Wondering what is the tallest grass in the world?
To give you a straight answer: Bamboo is the tallest grass in the world. There are numerous types of bamboo, with heights of at least one hundred feet.
But is bamboo grass? Yes, bamboo is grass.
It is a massive grass used as a source of food, building materials, and animal feed.
The Chinese use it as a building material, and some of their structures still survive.
The present-day buildings also make extensive use of bamboos, including using them to create furniture and flooring materials.
Well, if you are curious to know more about the tallest grass in the world, this article is all you need.
Just read it till the end!
Most grasses are members of the Poaceae family—one of the largest known plant families, which contains approximately one thousand genera and more than 10,000 species of grasses of all sizes.

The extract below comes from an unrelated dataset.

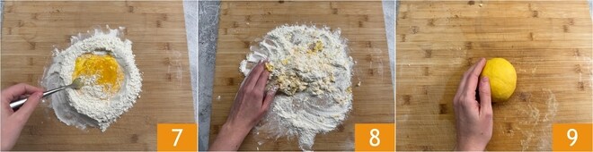 Commencez à incorporer les œufs à la farine avec une fourchette 7, puis continuez à la main 8 en pétrissant la pâte pendant au moins 10 minutes. Lorsqu'elle sera lisse et compacte 9, couvrez-la avec du film alimentaire et laissez-la reposer pendant une demi-heure à température ambiante.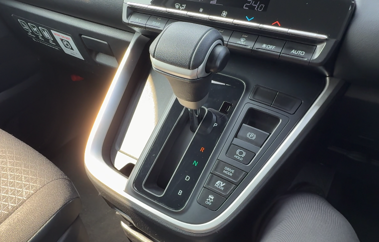 シフトレバーはウレタンのような素材で、周囲にメッキ加飾を施し、高級感を演出。

And bamboo is a family member of grass!
The giant bamboo species can reach a diameter of one foot. Aside from Antarctica and Europe, bamboo is found in every continent.
Dragon bamboo is the tallest grass in the world, sometimes also called “Giant bamboo” or “Giant Burmese bamboo” (Dendrocalamus giganteus). It can grow to a maximum height of 40–45 m under ideal conditions, with an average height of 20–25 m. The tallest Dendrocalamus giganteus measures up to 42 m (137.9 feet) tall and was discovered in Arunachal Pradesh, India.
Elephant Grass (Pennisetum purpureum), Giant Reed (Arundo donax L.), Pampas Grasses (Cortaderia sp.), and Big Bluestem (Andropogon gerardii) are other species of tallest grass in the world.
With all that aside, let us look at some frequently asked questions.
When conditions are ideal, bamboo grows every day up to a foot or more without any care from your side.
While most commodities cultivated on plantations are harvested annually, some bamboos can grow so quickly that they are picked every 3–5 years. This is because annual harvesting tends to damage the stands due to the bamboo’s continually expanding root system.
Between the 1880s and 1920s, bamboo became popular in the United States.
Due to its widespread use, this tall grass was planted in numerous states, including California, Arizona, Texas, Florida, and even Alaska.
Most people could recognize bamboo at the turn of the century since bamboo was used frequently for fences.
Yes, bamboo is grass, which makes it extremely easy to grow!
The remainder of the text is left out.